## What the task requires
Type out the data exactly as given. Skip any image.

## Data section
*** Begin section ***
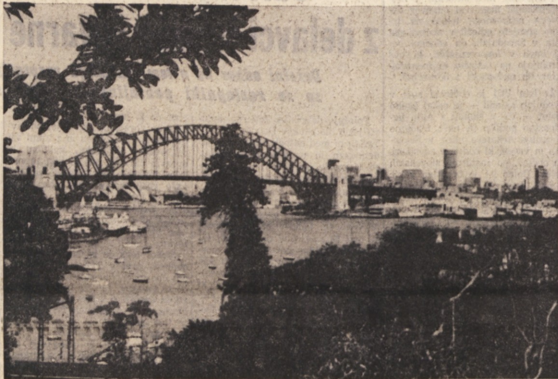
Pogled na Sydney, v ospredju znameniti most

V ponedeljek, 20. avgusta, smo se poslovili od Sydneya in Av- stralije. Po preletu 4.650 kilo- metrov čez avstralsko puščavo ter čez del Indijskega oceana smo pri- stali na letališču Tuban v bližini glavne mesta otoka Bali, Den- passaru. Ob 19.15, po času, ki velja za Sydney, smo preleteli ravn- ino in v imenu kralja Neptuna do- bili diplom o preletu. Potrdilo nam je dalo osebe letala «Boeing 707» avstralske letalske družbe Qantas.
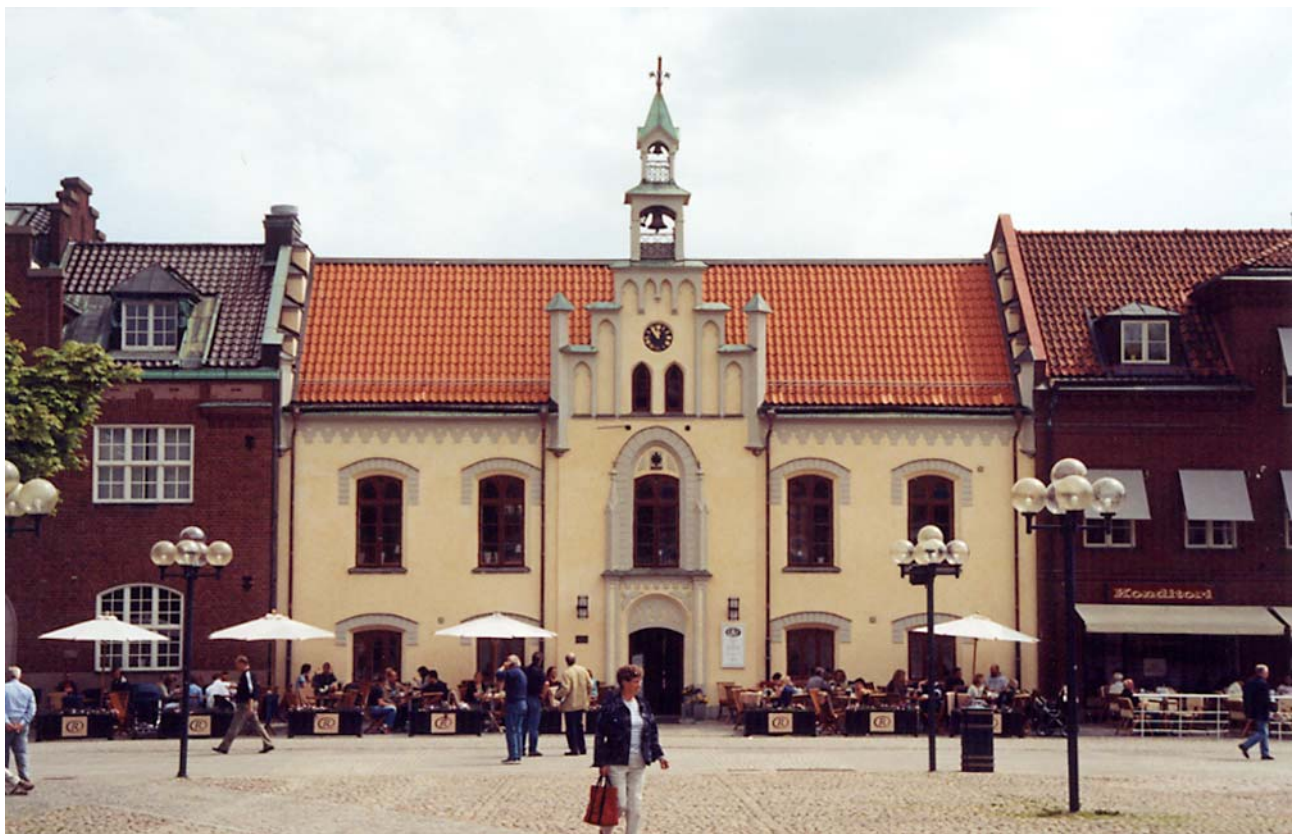
Rådhusets fasad mot Hertig Johans torg, återställd till sitt 1800-talsutseende. Foto i maj 2005. 05/52:27A.
*** End section ***
## Your response
Pogled na Sydney, v ospredju znameniti most

V ponedeljek, 20. avgusta, smo se poslovili od Sydneya in Av- stralije. Po preletu 4.650 kilo- metrov čez avstralsko puščavo ter čez del Indijskega oceana smo pri- stali na letališču Tuban v bližini glavne mesta otoka Bali, Den- passaru. Ob 19.15, po času, ki velja za Sydney, smo preleteli ravn- ino in v imenu kralja Neptuna do- bili diplom o preletu. Potrdilo nam je dalo osebe letala «Boeing 707» avstralske letalske družbe Qantas.
Rådhusets fasad mot Hertig Johans torg, återställd till sitt 1800-talsutseende. Foto i maj 2005. 05/52:27A.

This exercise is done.